EXERCISE: Begin at the top of the records below and return each line exactly through the line with "这个区域属于一个趣味玩法,包". Skip pictures.

BEGIN

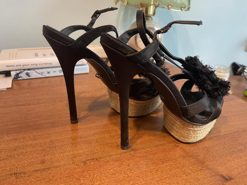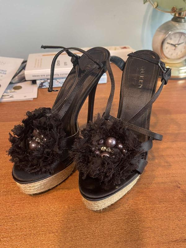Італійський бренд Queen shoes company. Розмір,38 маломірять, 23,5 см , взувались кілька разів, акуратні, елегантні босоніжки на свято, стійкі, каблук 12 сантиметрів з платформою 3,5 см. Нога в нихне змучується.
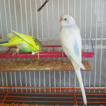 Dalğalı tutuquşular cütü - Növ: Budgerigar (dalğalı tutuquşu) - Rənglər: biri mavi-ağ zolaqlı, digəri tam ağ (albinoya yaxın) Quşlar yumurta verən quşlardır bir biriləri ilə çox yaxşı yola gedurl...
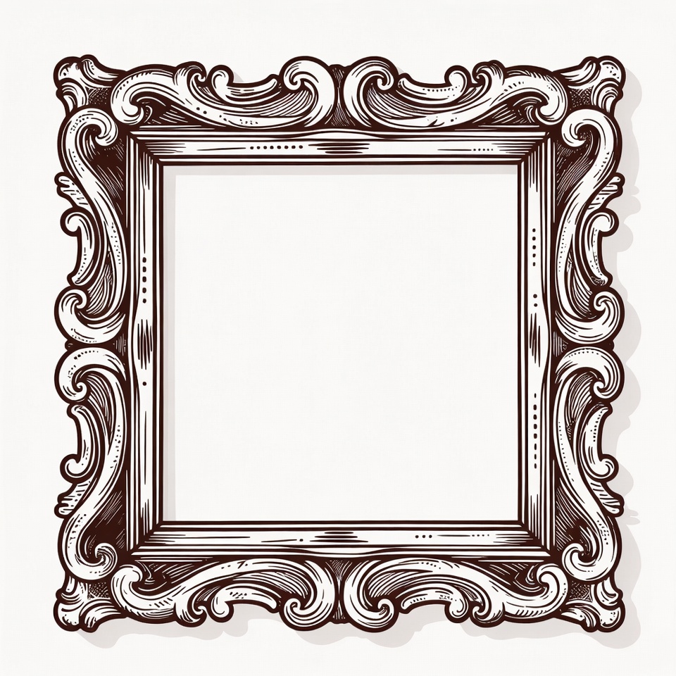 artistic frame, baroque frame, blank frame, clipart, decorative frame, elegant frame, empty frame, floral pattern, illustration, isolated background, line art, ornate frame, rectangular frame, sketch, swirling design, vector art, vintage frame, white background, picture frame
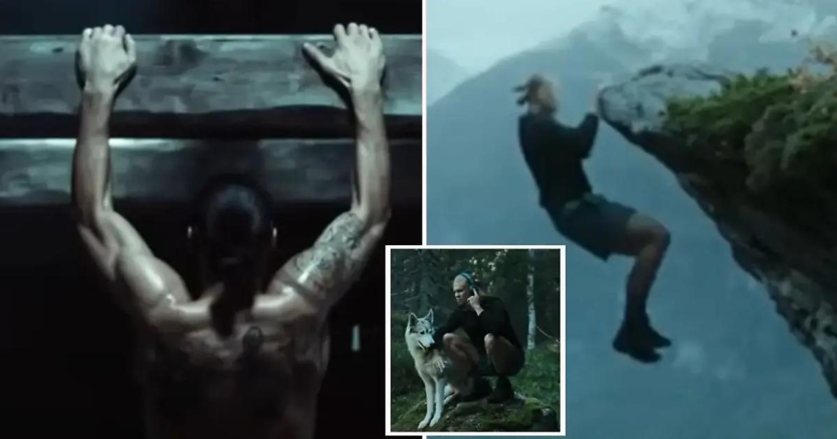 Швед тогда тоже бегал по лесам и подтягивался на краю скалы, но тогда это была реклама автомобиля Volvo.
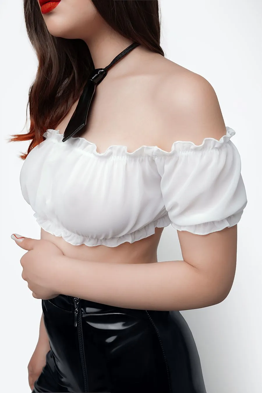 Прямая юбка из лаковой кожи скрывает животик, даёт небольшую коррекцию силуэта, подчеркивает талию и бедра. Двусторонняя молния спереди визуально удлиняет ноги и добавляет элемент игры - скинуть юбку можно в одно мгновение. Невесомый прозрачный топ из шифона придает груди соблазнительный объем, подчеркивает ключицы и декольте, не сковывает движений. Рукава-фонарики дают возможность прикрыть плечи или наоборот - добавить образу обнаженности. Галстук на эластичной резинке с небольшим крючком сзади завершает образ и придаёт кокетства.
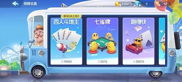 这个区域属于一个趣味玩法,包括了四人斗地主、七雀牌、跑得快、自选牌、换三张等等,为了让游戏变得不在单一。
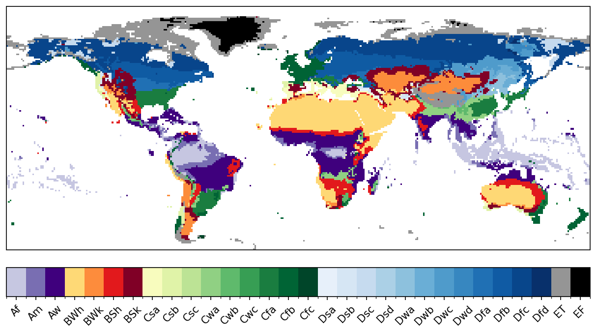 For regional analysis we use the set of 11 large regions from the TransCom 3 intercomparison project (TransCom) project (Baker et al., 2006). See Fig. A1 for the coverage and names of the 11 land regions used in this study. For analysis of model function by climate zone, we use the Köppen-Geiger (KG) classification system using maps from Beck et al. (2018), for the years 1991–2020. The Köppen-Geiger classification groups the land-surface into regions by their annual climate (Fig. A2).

END

EXPECTED OUTPUT:
Італійський бренд Queen shoes company. Розмір,38 маломірять, 23,5 см , взувались кілька разів, акуратні, елегантні босоніжки на свято, стійкі, каблук 12 сантиметрів з платформою 3,5 см. Нога в нихне змучується.
 Dalğalı tutuquşular cütü - Növ: Budgerigar (dalğalı tutuquşu) - Rənglər: biri mavi-ağ zolaqlı, digəri tam ağ (albinoya yaxın) Quşlar yumurta verən quşlardır bir biriləri ilə çox yaxşı yola gedurl...
 artistic frame, baroque frame, blank frame, clipart, decorative frame, elegant frame, empty frame, floral pattern, illustration, isolated background, line art, ornate frame, rectangular frame, sketch, swirling design, vector art, vintage frame, white background, picture frame
 Швед тогда тоже бегал по лесам и подтягивался на краю скалы, но тогда это была реклама автомобиля Volvo.
 Прямая юбка из лаковой кожи скрывает животик, даёт небольшую коррекцию силуэта, подчеркивает талию и бедра. Двусторонняя молния спереди визуально удлиняет ноги и добавляет элемент игры - скинуть юбку можно в одно мгновение. Невесомый прозрачный топ из шифона придает груди соблазнительный объем, подчеркивает ключицы и декольте, не сковывает движений. Рукава-фонарики дают возможность прикрыть плечи или наоборот - добавить образу обнаженности. Галстук на эластичной резинке с небольшим крючком сзади завершает образ и придаёт кокетства.
 这个区域属于一个趣味玩法,包括了四人斗地主、七雀牌、跑得快、自选牌、换三张等等,为了让游戏变得不在单一。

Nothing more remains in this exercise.